Ok, never even thought of moths in my yarn and such. Oh the things to learn as a newbie. I am already thinking stash (the quilter in me) but I think I better work on storage and moth repellents also. Thanks for the heads up


----------



## Forerunner (Mar 23, 2007)

I've not seen evidence of this catastrophe brewing in my stash.
I've only seen one incidence here, and that was an Irish wool sweater of Wendy's that had a spot appear in the shoulder. 
I do wonder when...not if, it will hit.
I have grain moths occasionally and foolishly making their presence known during the winter, due to the seed and produce processing and dehydrating going on in here.
Every one of those gets run down and smushed by yours truly. 
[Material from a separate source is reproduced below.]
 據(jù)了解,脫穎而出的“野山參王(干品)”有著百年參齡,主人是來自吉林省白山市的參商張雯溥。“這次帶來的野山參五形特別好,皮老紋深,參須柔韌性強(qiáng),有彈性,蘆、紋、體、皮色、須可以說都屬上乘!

I've seen Cyndi's stash, and it looks as vulnerable as any.
Perhaps she might share her thoughts/methods with us ?


----------



## 7thswan (Nov 18, 2008)

Here, I lined a walk in closet with cedar sheets, comes real thin like chipped plywood. Lined the shelves and all. Still keep the roving in plastic and spray occasionally Cedar oil around the entrance to the closet door. The rest (anything edible) in plastic totes. The entire upstairs(2 rooms) is closed to the rest of the house, that's where all the fiber equipment is kept.Lavender is also up there, so far it's been safe.


----------



## Marchwind (May 10, 2002)

7thswan I should have added Cedar oil to my list, it also works very well.


----------



## RedDirt Cowgirl (Sep 21, 2010)

Yoikes! You saved me from thinking freezing would kill eggs. I was doing this for newly acquired vintage coats, now I see the error of my ways and why I keep finding moth holes.
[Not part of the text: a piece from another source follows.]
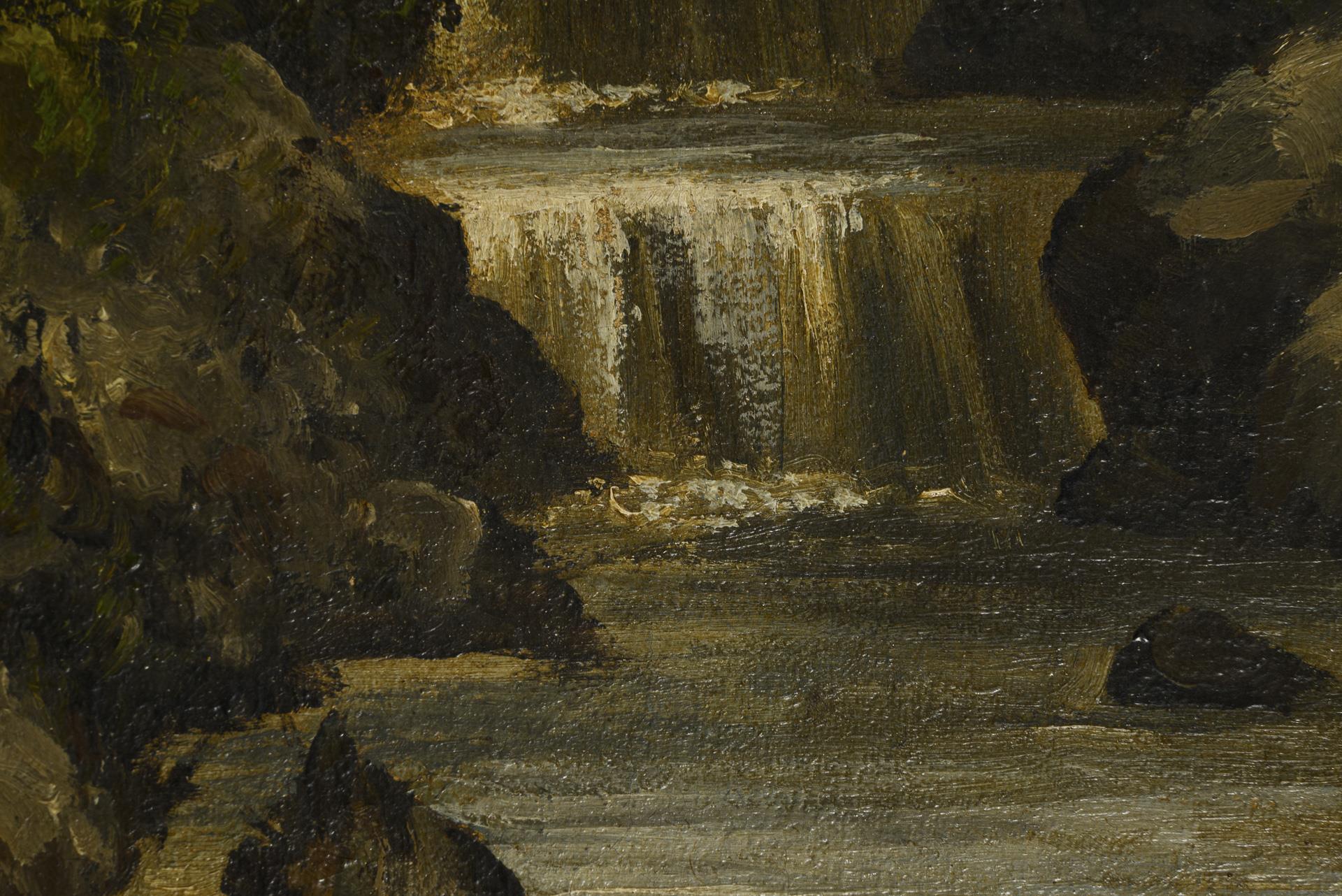 Stream with small waterfalls between mountain slopes with coniferous forests. Minimal traces of age.

I was moved to go to my first source in pest management, UCDavis. http://www.ipm.ucdavis.edu/PMG/PESTNOTES/pn7435.html

Here's some of what they had to say about moth balls:
If placed in contact with plastic buttons, hangers, or garment bags, they may cause the plastic to soften and melt into the fabric. As these chemicals evaporate, they produce vapors that, in sufficient concentration, will slowly kill insects. The vapors build up to the required concentration only in an airtight container. If the container is not airtight, the chemicals only weakly repel adults and any larvae already on clothes continue to feed.

Doesn't sound very effective, I think your heating process and then sealing in airtight containers is the best solution. (My guilt is a heavy burden, but I don't know how I survived before zip-lock bags) I've used the traps & never found a moth, just more holes. A friend sez never wear silk or wool to the theater. The battle is on!


----------